Elaine Squires was ordered from her shower after police raided the wrong house

A woman was ordered out of her own bathroom dressed only in a towel...when drug squad officers stormed the wrong house.
Elaine Squires was in the shower at her home in Inkerman Street, Preston, when police used a battering ram to smash the door open.

Her terrified daughter Erin, 22, was downstairs using the computer when officers flooded into the house at around 11.50am on Friday last week.

Mrs Squires, a governor at the nearby Roebuck School in Inkerman Street, says her terrified daughter had to be restrained by officers as she tried to run outside.

It was only when Mrs Squires had been ordered out of her bathroom by police that the officers realised a mistake had been made.
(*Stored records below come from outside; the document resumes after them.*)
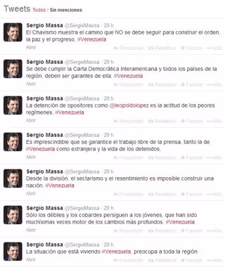 El líder argentino del Frente Renovador y Diputado Nacional por la provincia de Buenos Aires, Sergio Massa, ha criticado al gobierno de Nicolás Maduro y la detención del dirigente opositor de Voluntad Popular, Leopoldo López.
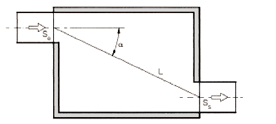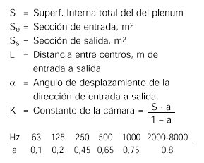 La Fig. 4 muestra un esquema en que el efecto de la energía sonora que penetra por la boca de entrada es igual como lo hace en una habitación pequeña, la que atraviesa hasta alcanzar la salida. Al igual que en la misma, la presión sonora a la salida, y por tanto la potencia sonora que transmite, comprende la energía radiada desde la entrada y la de reverberación de la cámara. La atenuación puede calcularse por la fórmula:
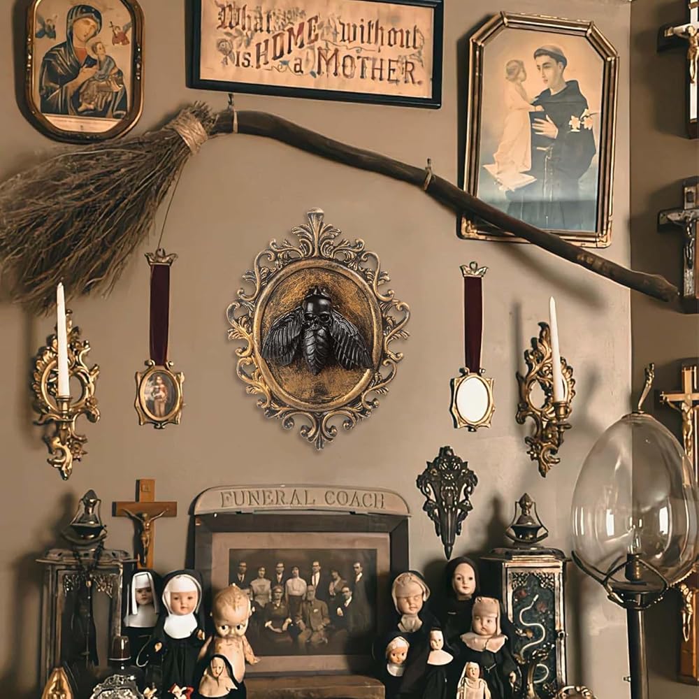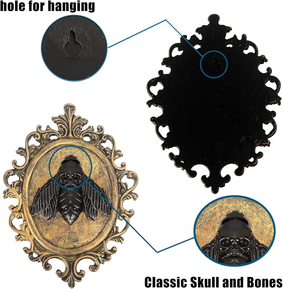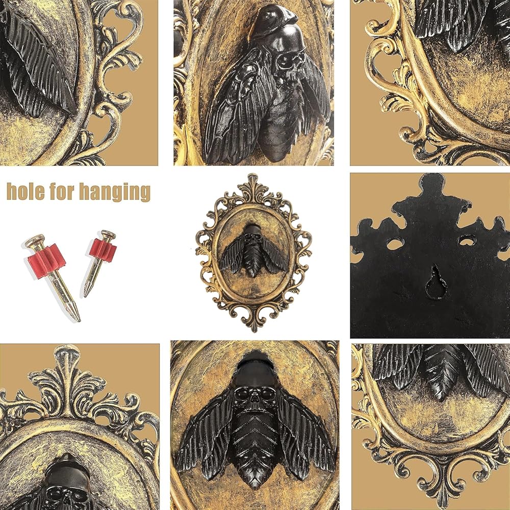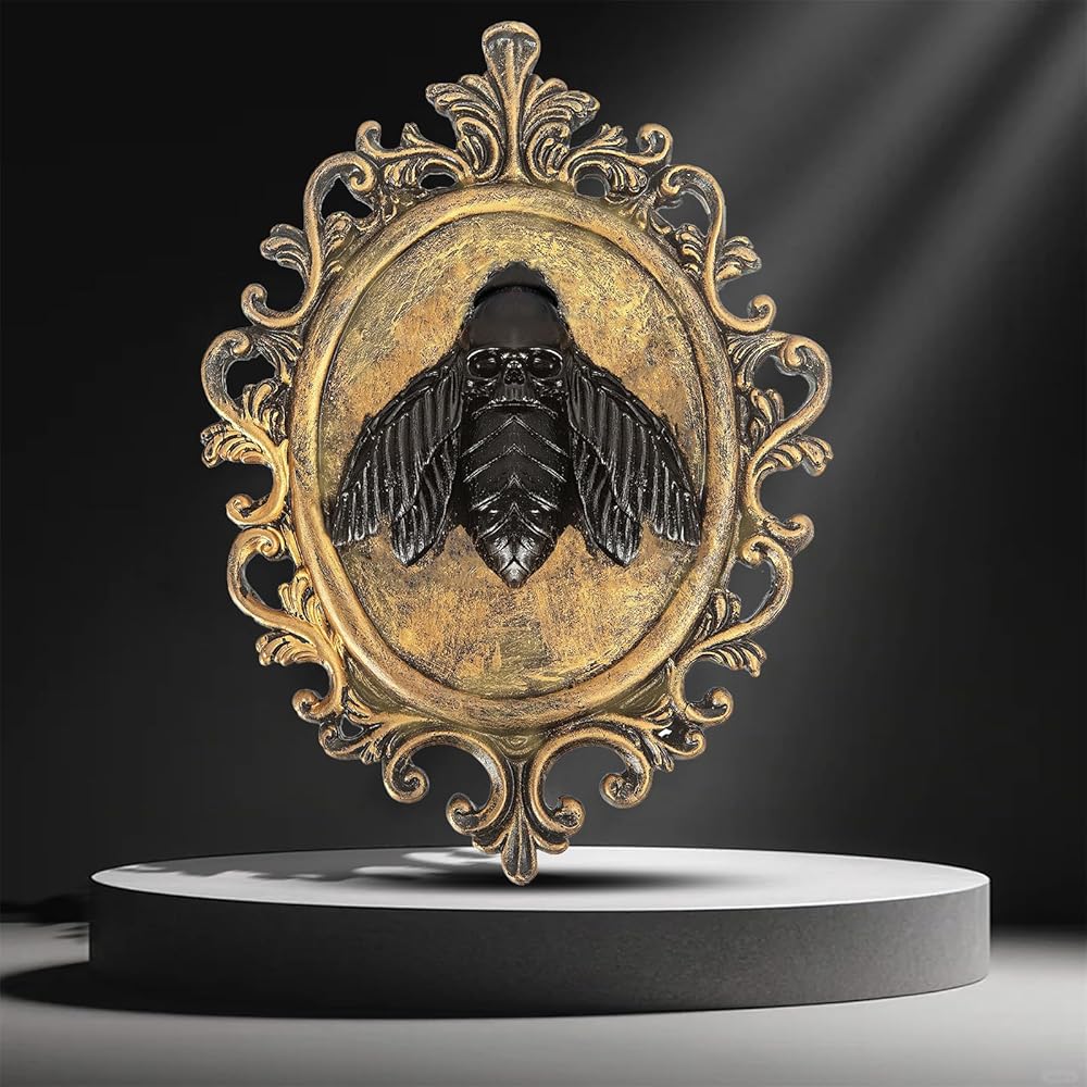 ELEGANT DESIGN:The combination of the golden frame and black bat head is not only unique but also imbued with artistic flair; hang it above your bed, on the wall, or in a corner to instantly infuse an air of melancholy and eerie charm.
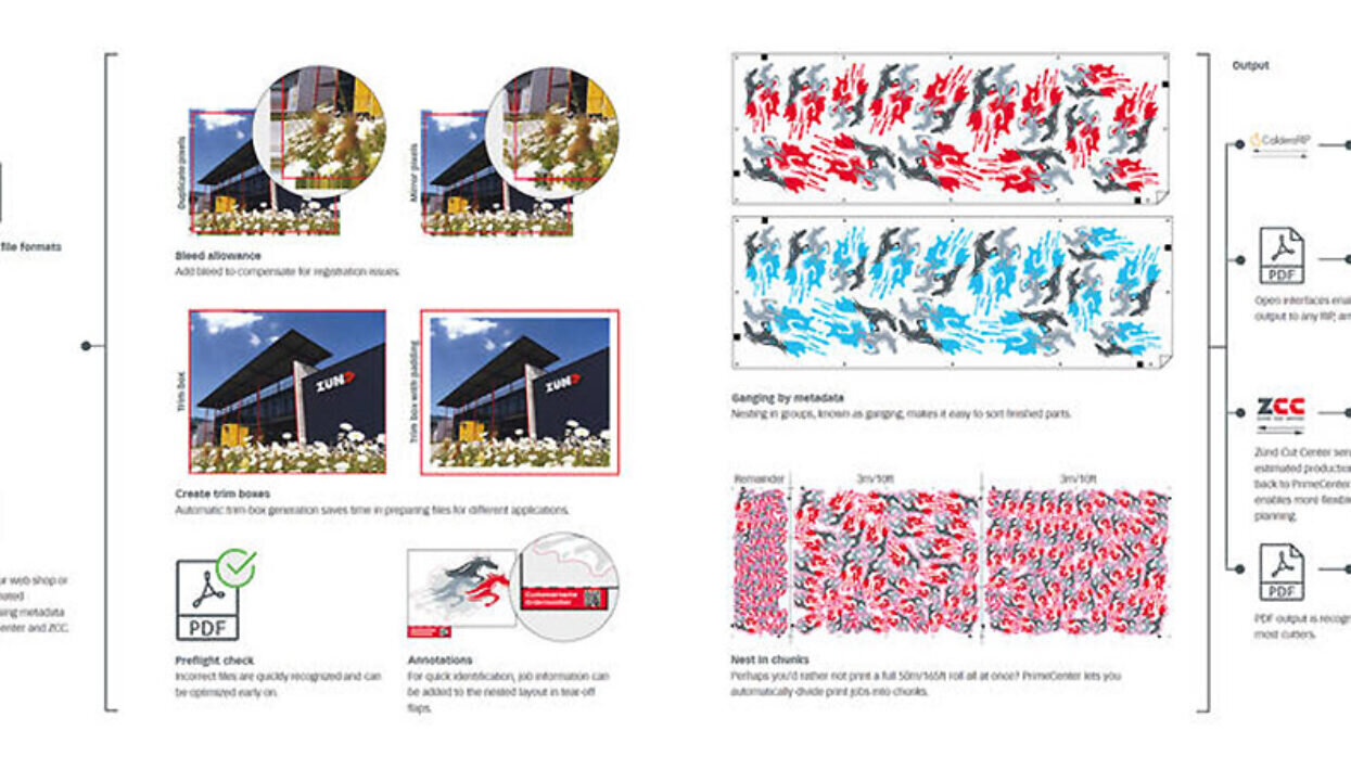 O PrimeCenter também ajuda a manter os trabalhos organizados, utilizando metadados como o tamanho, a colocação ou a ordem de impressão. O software pode produzir para qualquer RIP/impressora e qualquer cortadora devido à interface aberta do PrimeCentre. Permite a integração com o Zünd Cut Server e com o Cut Time Estimation, tornando o processo de automatização do LFP mais eficiente.
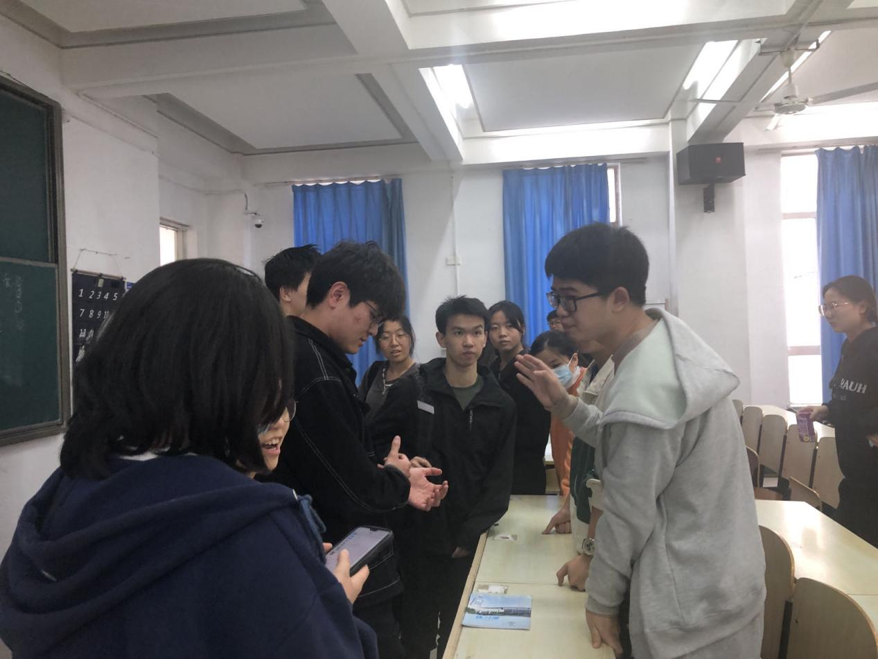 庄子游向同学们逐个分享了考研过程中面临的问题和解决办法。他从政治、英语、数学分析、高等代数等四方面,以清晰的讲解、有条理的板书和生动真实的例子,详细地向同学们介绍了备考方法。在介绍备考方法的同时,他也加入了个人的经历与反思,向同学们介绍了如何更好的拿到更高的成绩,以亲身经历向学弟学妹们传授着自己的经验,让同学们在准备考研的过程中少走弯路。

Mrs Squires, who is disabled, said: "It was the most terrifying thing we have ever been through.

"We have noisy neighbours anyway and I was wondering why they were slamming the door so many times, then I just heard my daughter shout up, 'The police are here!'"



Police demanded Mrs Squires, who was wrapped in just a towel, come out of the bathroom.

"Seconds later, the officers realised they had made a mistake.

"One of them handed me my dressing gown and in the meantime I could hear the sergeant shouting 'Out, out'," she said.

"Erin had told them our names and our address and they realised they had got the wrong house. Their excuse was there was no number on the door but there are door numbers a couple of doors down – can they not count?"

Mrs Squires says her daughter, a nursery nurse, is "still shaking" after the ordeal.

She added that it will cost her around £110 for an emergency fix on her front door, although she will be reimbursed for that by police.

A spokesman for Lancashire Constabulary said: "This was a genuine mistake and our neighbourhood policing team have spoken to the lady at length and we have given an unreserved apology.

"In this instance the warrant was intended for an adjacent property where drugs paraphernalia was recovered










jimtheworzel


flowerofshona2007

And it does happen it happened across the road ! they where ment to raid the close not the road ! scared a whole family half to death !

Digeroo

Quoteno number on the door

I thought we had a duty to display house number clearly. 

OllieC

Lucky for them they got a lie-in. It was about 6 in the morning when we were raided. We had to pay for the repairs ourselves too, even though nothing was found and I was never convicted of anything!

1066

I've also had a wake up call from the police - they took 1 look at us (students) and said wrong house and wrong information  ::)

tomatoada

My work before I retired was  visiting homes, and nothing was more frustrating than those without a clearly displayed number.  On a cold wet day I certainly did not expext to count down from  nearby houses.  Sorry but all delivery/ callers etc will tell you the same.  How would you expect a Doctor to  find you on a dark night?

OllieC

Forgot to say - they also quite happily left my 8 month pregnant wife with the door hanging off it's hinges to sort out the repairs herself (I was erm, otherwise occupied by then...).

Larkshall

Quote from: OllieC on October 21, 2009, 09:42:01
Lucky for them they got a lie-in. It was about 6 in the morning when we were raided. We had to pay for the repairs ourselves too, even though nothing was found and I was never convicted of anything!

You should have reported "Criminal Damage". I would have put a big notice next to the broken door saying "the Police did this".